В ящиках письменного стола и комода рыться не стал. Волосок поставлен или иной знак - отношения, еще не возникшие, портить ни к чему. Жизнь расставит по местам. А пока можно полюбоваться фотографиями. Как много их здесь - жизнь, и, наверное, не одна... Сюртуки, пышные плечи пушкинской поры, дамы с гладкими брюлловскими прическами с завитками, падающими на виски. Военных - в погонах или эполетах - не было совсем. Видимо, хозяин убрал из осторожности. Чужая, давным-давно исчезнувшая жизнь. Лица улыбались, глаза смеялись, покой и благоденствие исходили от каждой фотографии, накатывая волной воспоминаний. Вспомнился Чехов, финал "Дяди Вани" - ставили в год окончания училища, девиц из соседней гимназии пригласили. И когда в последний раз произносила героиня пьесы свой монолог - зал затихал в томительном предчувствии: "...мы увидим, как все зло земное, все наши страдания потонут в милосердии, которое наполнит собою весь мир..." Поэт Бехтеев прислал в Тобольск, семье, стихи. Невозможно было вспомнить рифму - разве что ритм неясно звучал... И смысл: зло будет побеждено. Добром, конечно. И... "...и все утраченное вновь вернет взаимная любовь..." Вот, вспомнилось. Но смысл и чеховских, и этих скромных строчек не вовне. Ибо Бог внутри нас есть.
...Хозяин появился к обеду - утомленный, с "авоськой" в руках. Когда назвал сетку с продуктами этим непривычным словом, Званцеву стало не по себе. Как же они живут здесь, бедные? Все на "авось"?

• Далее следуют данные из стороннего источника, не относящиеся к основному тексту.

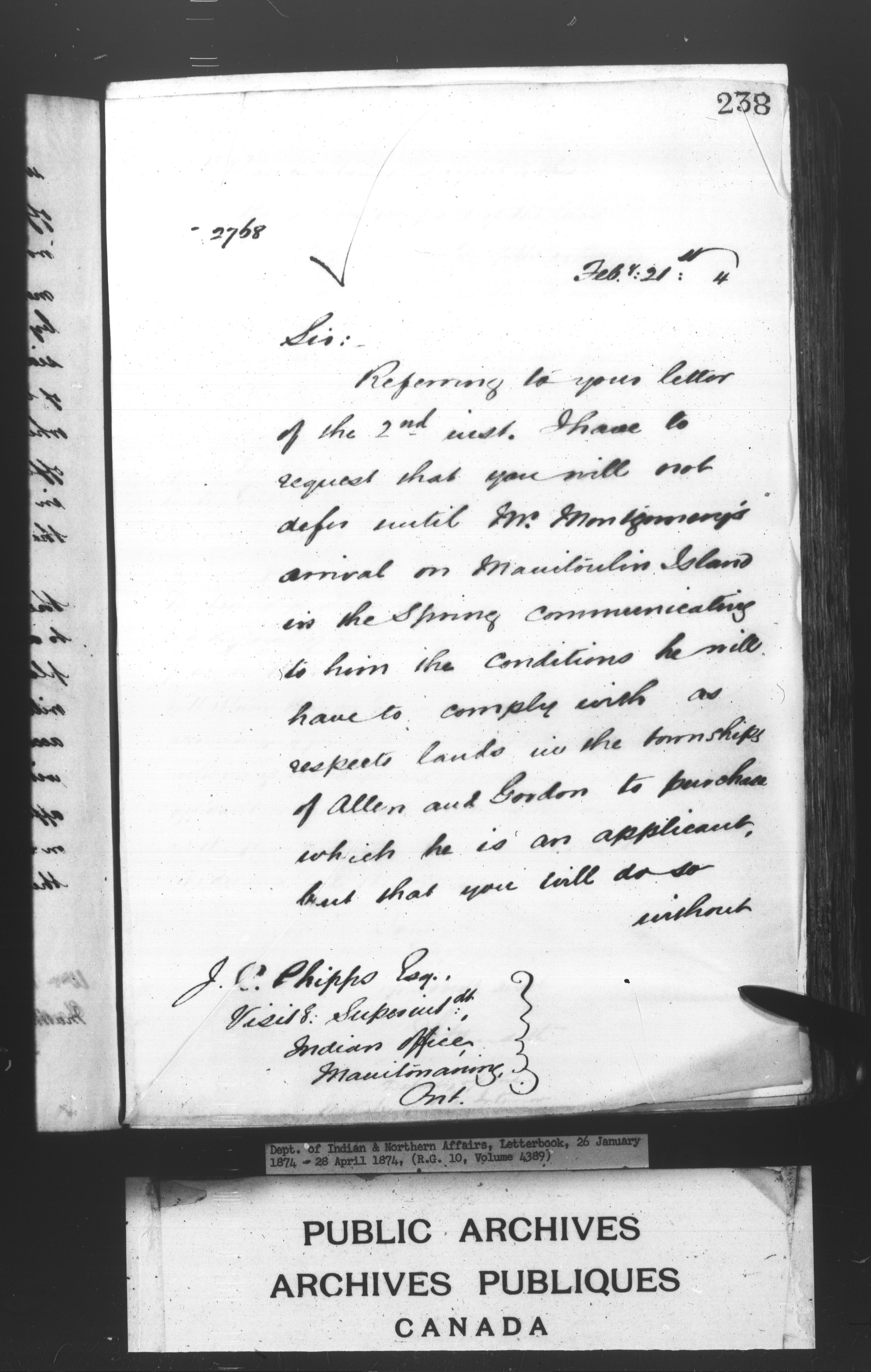 Department of Indian Affairs : Letterbooks of out-going correspondence relating to the administration of Indian Affairs in both eastern and western Canada, 1871-1920 - 7409

- Из прекрасного далека мало что видно... - заметил хозяин, раскладывая принесенное по полкам и кастрюлям. - Вам следует называть меня: Евлампий Тихонович. В прошлом я служил в... Неважно. Я гимназический учитель. Об этом знают все вокруг, в том числе и милиция. От НКВД Бог пока миловал. Знаете, а меня иногда даже приглашают в старшие классы совдеповской школы - лекцию обзорную прочитать, поговорить..."
- И о чем же вы с ними говорите? - недоверчиво спросил Званцев.
- Это же дети... - спокойно возразил Евлампий. - Конечно, мало вероятно, что школа вырастит мыслящих людей. Но ведь один или два преодолеют инерцию мышления - и кто знает? Станут зачинателями Новой России?
Долго рассказывал о своих уроках. Любопытное у него было направление... Например, вослед Добролюбову, яростно доказывалось, что Катерина, героиня "Грозы" Островского, овеществляет собою яростный социальный протест. Ведь сказал бессмертный критик: "Самый сильный протест вырывается из груди самой слабой"...
- И что же? - Званцев был удивлен без меры. Зачем эти дурацкие игры? Ведь победить невозможно...
- Просто все. Если мои слушатели поняли, что у Островского никакого протеста нет и не было, поняли, что Катерина - обыкновеннейшая дурная (если не дрянная!) женщина, изменившая своему мужу, да еще с кем? С ничтожеством! А ведь женщины чутки в любви... Поймите: ребенок, который понял это, задумается и обо всем остальном. Он догадается, поймет, что его обманывают, ему навязывают.
- Романтизм... - хмыкнул Званцев. - А что у нас, милостивый государь, по делу?